By identifying and localising crops growing in fields, we can inform supply chains about food production months before harvest.

Introduction

The COVID-19 pandemic has highlighted the increasing demand for regular monitoring of agricultural production as a vital instrument to ensure food security and to avoid potential shortages in the food supply chain. Our in-house near-real-time crop identification algorithm helps monitor agricultural activity during the season at a lower operational cost. The exceptional accuracy achieved through the use of satellite data reaches at a level higher than 90% one to two months prior to harvest. Near-real-time identification of crops growing over large areas is also a stepping stone to yield prediction, which would give full visibility on the expected agricultural production at a much earlier stage than it is currently possible and detect anomalies in region-scale agricultural production.

“Hummingbird Technologies is an Artificial Intelligence business that provides advanced crop analytics to its customers by using proprietary Machine Learning algorithms applied to remote sensing captured imagery.

Our expertise allows our customers: to increase their yields, optimise chemical inputs, farm more sustainably and make earlier, more informed decisions.

By pushing the boundaries of science and technology, our mission is to improve the efficiency of global crop production, and to feed the world’s growing population sustainably.”

Will Wells, Hummingbird Technologies’s CEO

Our approach

Remote sensing using satellites has proven to be an invaluable tool for accurate crop mapping across the world. The most conventional way of performing satellite-based crop classifications is based on multi-temporal observations. They have been found to be more effective than a single observation in classifying agricultural fields due to their ability to capture multiple growth stages and varying types of crop structure, allowing for better differentiation between individual crops. Examples of such approaches can be found in the links below [1][2]. However, most of these approaches use the full volume of data for the whole season to make an estimation after the season has ended. Even though such an approach would maximise the accuracy it is not very useful in practice. After the season has ended all the decisions have been made and a crop inventory would have a lot more than archiving value.

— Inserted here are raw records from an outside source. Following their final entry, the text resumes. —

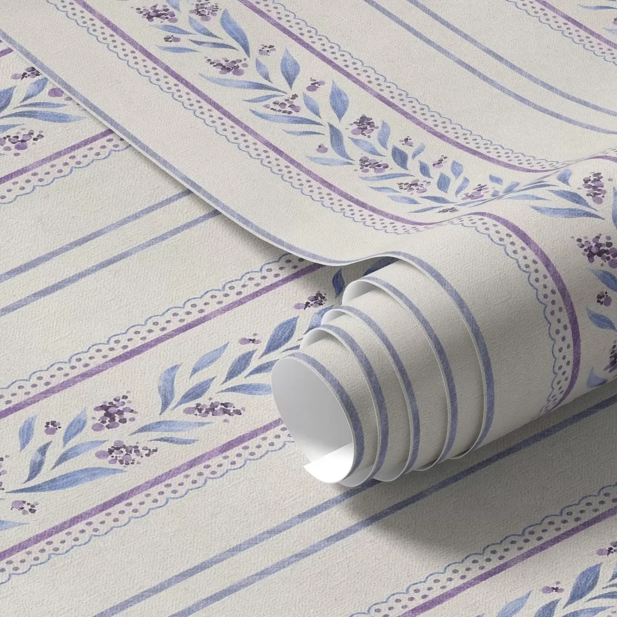Tapetai Vertikalios juostos su levandų girliandomis, smėlio spalvos fonas Nr. a00813v1
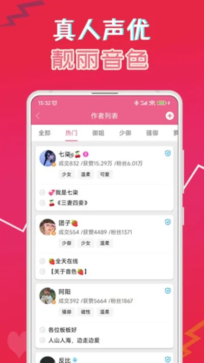 数千名声音好听的陪玩伙伴在线等你,不管你是想找专业的技术指导,还是只想找人娱乐聊天,这里都能找到合适的人选。
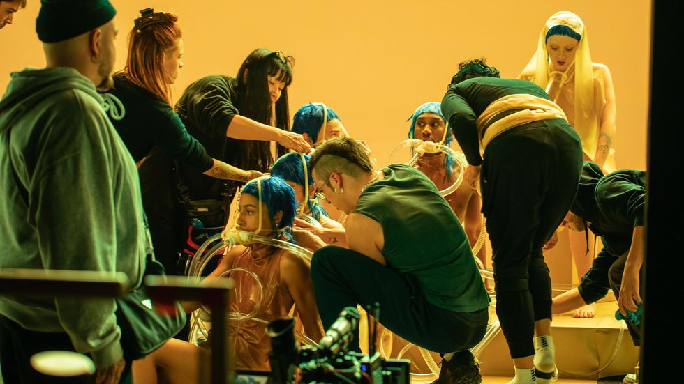 And just in case you weren't already thoroughly terrified, the single arrives alongside a music video that will leave you fully freaked out. Directed by Saam Farahmind, the visual feels like if H.R. Giger tried to produce a flashy big budget hip-hop music video, with Ashnikko cast as a latex-clad hive mother vomiting black sludge into the mouths of her disciples through an elaborate system of tubes spliced between bits of ass-shaking choreo.
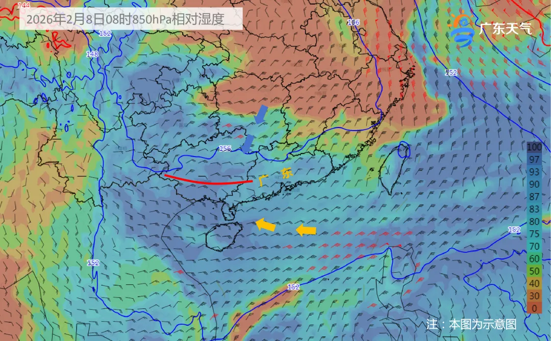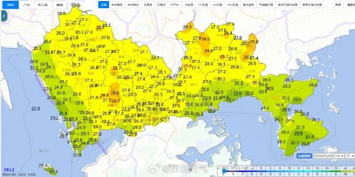 2月8日,西部市县多云到阴天,有分散小雨,其余市县多云。最低气温:粤北和珠三角北部市县4~10℃(高海拔山区1~3℃),粤西市县14~18℃,其余市县10~14℃。

Instead, the technique that we developed combines the best of both worlds by (a) using time-series to benefit from crop variation over time (b) being capable to predict crop types as early as mid-season, enabling live forecasting of crop production. This tool, which allows more informed decisions weeks to months before harvest, has been built combining Synthetic Aperture Radar (SAR) data and AI.

When referring to satellite data, most people envision a typical image provided by GIS applications such as Google Maps (Fig.1). (Optical) images are far from being the only data modality captured from Earth Observation satellites. The list includes infrared images, hyperspectral imagery, LiDAR and SAR.

 

Figure 1: Canadian Aerial View — Copyright © Google Maps

The farming community is familiar with data that go beyond the commonly used optical images. As a matter of fact, the most common proxy used in agricultural data science is the normalized difference vegetation index (NDVI). NDVI, a synthetic band that combines optical with infrared information, is known to be associated with vegetation health and is widely used to determine management areas for variable rate application of crop inputs [3].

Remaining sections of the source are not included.